- Opening Delimiter -
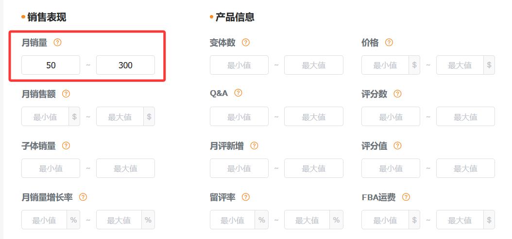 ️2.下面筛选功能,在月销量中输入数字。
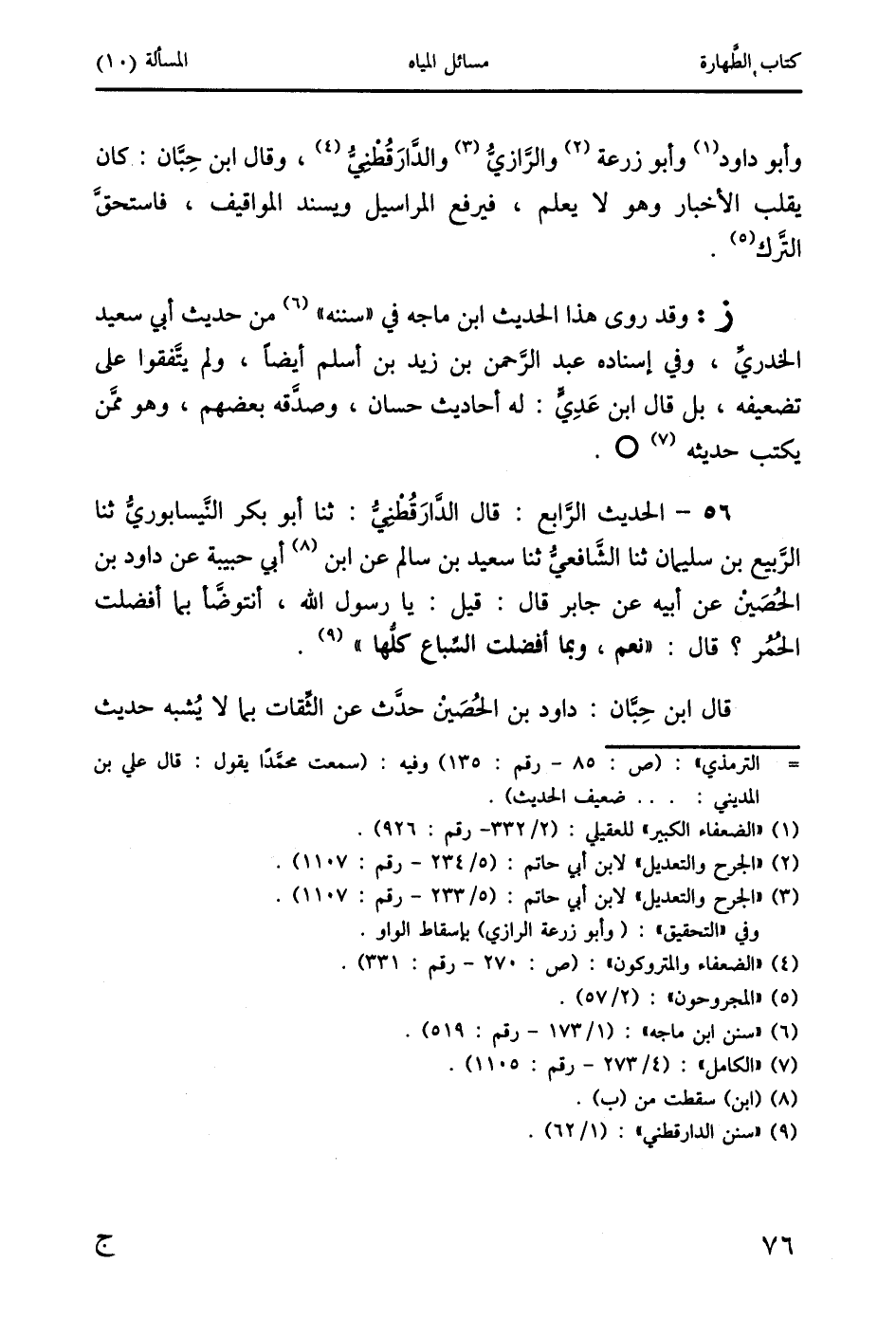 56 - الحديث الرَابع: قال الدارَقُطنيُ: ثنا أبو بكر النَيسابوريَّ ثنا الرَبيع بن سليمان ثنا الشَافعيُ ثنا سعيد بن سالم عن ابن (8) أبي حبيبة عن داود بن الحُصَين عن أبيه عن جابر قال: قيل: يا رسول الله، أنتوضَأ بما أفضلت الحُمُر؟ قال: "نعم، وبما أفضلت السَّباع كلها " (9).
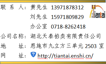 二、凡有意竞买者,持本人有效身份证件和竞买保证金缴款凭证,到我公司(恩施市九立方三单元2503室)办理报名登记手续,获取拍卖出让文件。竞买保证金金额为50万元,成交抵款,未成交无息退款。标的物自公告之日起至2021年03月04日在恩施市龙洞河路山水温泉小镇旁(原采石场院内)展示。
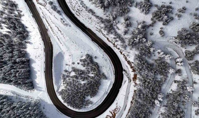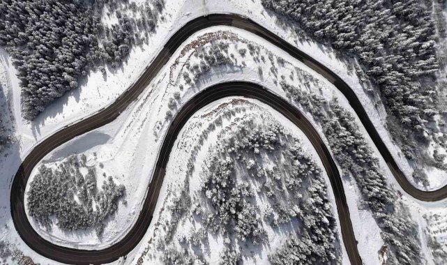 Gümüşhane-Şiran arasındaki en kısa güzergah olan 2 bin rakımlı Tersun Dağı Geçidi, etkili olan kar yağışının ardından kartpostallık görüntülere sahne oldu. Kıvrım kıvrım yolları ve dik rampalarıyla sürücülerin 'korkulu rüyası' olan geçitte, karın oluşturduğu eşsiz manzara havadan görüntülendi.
- Closing Delimiter -
Exercise directions: Give back the listing exactly, without a single picture.

Expected output:
 ️2.下面筛选功能,在月销量中输入数字。
 56 - الحديث الرَابع: قال الدارَقُطنيُ: ثنا أبو بكر النَيسابوريَّ ثنا الرَبيع بن سليمان ثنا الشَافعيُ ثنا سعيد بن سالم عن ابن (8) أبي حبيبة عن داود بن الحُصَين عن أبيه عن جابر قال: قيل: يا رسول الله، أنتوضَأ بما أفضلت الحُمُر؟ قال: "نعم، وبما أفضلت السَّباع كلها " (9).
 二、凡有意竞买者,持本人有效身份证件和竞买保证金缴款凭证,到我公司(恩施市九立方三单元2503室)办理报名登记手续,获取拍卖出让文件。竞买保证金金额为50万元,成交抵款,未成交无息退款。标的物自公告之日起至2021年03月04日在恩施市龙洞河路山水温泉小镇旁(原采石场院内)展示。
 Gümüşhane-Şiran arasındaki en kısa güzergah olan 2 bin rakımlı Tersun Dağı Geçidi, etkili olan kar yağışının ardından kartpostallık görüntülere sahne oldu. Kıvrım kıvrım yolları ve dik rampalarıyla sürücülerin 'korkulu rüyası' olan geçitte, karın oluşturduğu eşsiz manzara havadan görüntülendi.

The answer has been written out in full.